The core functionality is designed to be integrated into a pipeline before the Semantic Translation enabler, which requires the use of RDF. Semantic annotation lifts data to RDF, which can then be translated into different ontologies. Configuration files for annotation (in RML format) can optionally be shared in the Semantic Repository, provided, that they do not contain any sensitive or confidential information about used data models and formats.
SemAnn_place_in_architecture
1.3.3.5. User guide
Batch translation is offered as REST API, that can be tried out with a simple example on a Swagger page. By default the Swagger Web GUI is served on port 4000:
RMLMapper_Web_API
Additionally, an editor for authoring files in RML and YARRML formats is available (by default on port 5000):
Matey GUI
The GUI is connected to the batch annotation component served at the /execute endpoint. This allows the users of the GUI editor to apply RML files to some test data and validate, that the results are correct.
The GUI editor can be used to write annotations in the YARRML format, which is more readable and more succinct, than RML. The GUI editor can translate YARRML into RML. Note, that YARRML is not used directly by other components, so translation into RML is required for the annotation files to be used by the enabler. Support for YARRML is limited to the GUI editor and included for the sake of convenience.

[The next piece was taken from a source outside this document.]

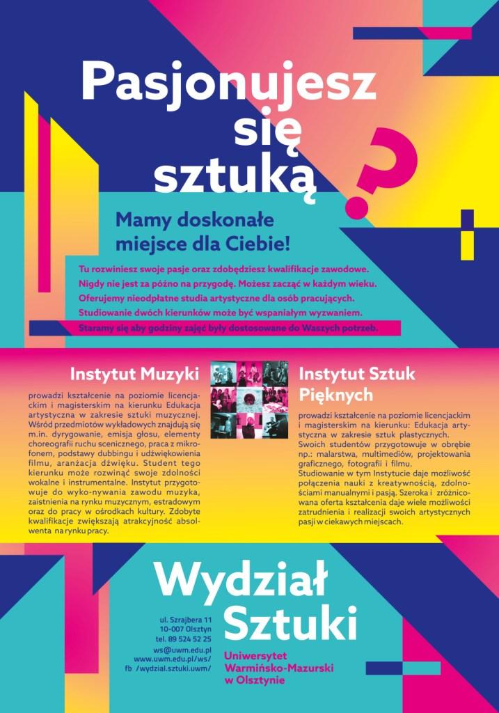 Przypominamy, że od 7 do 14 września trwa dodatkowy nabór na studia na Wydziale Sztuki. Zapraszamy wszystkie osoby, które jeszcze nie podjeły decyzji lub wachają się z nią. Program studiów w Instytucie Muzyki oraz Instytucie Sztuk Plastycznych jest stale udoskonalany i dopasowywany do wymogów współczesnego rynku pracy. Kadrę dydaktyczną Wydziału Sztuki stanowią wysoko kwalifikowani nauczyciele akademiccy, w tym pedagodzy różnych specjalności oraz znani artyści.

Current streaming capability is offered through Apache Flink (by default on port 8081). Detailed usage instructions can be found here. Because of performance concerns, high resource usage, difficult configuration and complicated deployment, Flink support will be removed in the final version. Instead, a custom component for streaming with Apache Kafka is being developed.
The streaming component in the final version will use CARML (RML extension), which has the same syntax as RML, but requires different definition of data source. RML is designed primarily for persisted data sources, such as flat files. CARML extends RML to support messages passing through a stream. Consequently, annotation configuration for batch annotation must be slightly modified, before being used in streaming translation. The modification involves only description of the data source. The actual annotations of data can remain unchanged.
1.3.3.6. Prerequisites
The Semantic Annotator Enabler has no particular requirements to run, but practical usage requires familiarity with the RML language.
1.3.3.7. Installation
Current version requires docker and docker-compose, and is installed by running the ASSIST_RML/docker-compose.yml file.
Build and run:
cd ASSIST_RML
docker-compose up --build
This creates the following services:
RML Mapper REST - Swagger at http://localhost:4000/
Matery YARRML helper editor at http://localhost:5000/
Apache Flink - Web interface at http://localhost:8081/
Use RMLStreamer jar from this link
Kafka broker at localhost:9093
Note, that streaming with Apache Flink is set up temporarily, and will be substituted with a custom Kafka/MQTT streaming solution in the future.
1.3.3.8. Configuration
Currently configuration of the enabler is limited to setting environment variables in the docker-compose.yml file. If necessary, exposed ports may be configured there.
1.3.3.9. Developer guide
The Semantic Annotator Enabler is a combination of software written in different technologies.
The one-time translation depends on: - RML Mapper - RML webapi - Matey
Please, refer to the documentation for individual software to learn more about development.
The streaming component is built with Scala using Akka Streams and Akka Http - parts of the Akka framework, and depends primarily on Carml to process RML files.
1.3.3.10. Version control and releases
0.25 (Mar 2022) - added documentation and examples 0.20 (Mar 2022) - added GUI editor 0.10 (Feb 2022) - initial release with REST API
1.3.3.11. License
The Semantic Annotator is licensed under the Apache License, Version 2.0 (the “License”).
You may obtain a copy of the License at: Apache License 2.0
RML Language and all relevant software, documentation, and reference examples are licensed under MIT License.
You may obtain a copy of the License at: MIT License
1.3.3.12. Notice (dependencies)
The Semantic Annotator Enabler is packaged to be available for use without any external dependencies. However, depending on configuration, it may use components outside of what is packaged. This pertains in particular to streaming brokers for Kafka and MQTT. A broker is required for the Enabler to support streaming annotation. To use a broker different, than the ones provided in the package, simply configure the relevant ports to point to Kafka or MQTT brokers already configured in your network. Note, that the streaming annotation with Kafka/MQTT is supported in the final release and missing from the initial release.
Included in the Enabler are RML software and libraries, including RML Mapper, RML webapi, and Matey for one-time translation, and Carml for streaming translation.
For more information about development libraries dependencies, see Developer guide.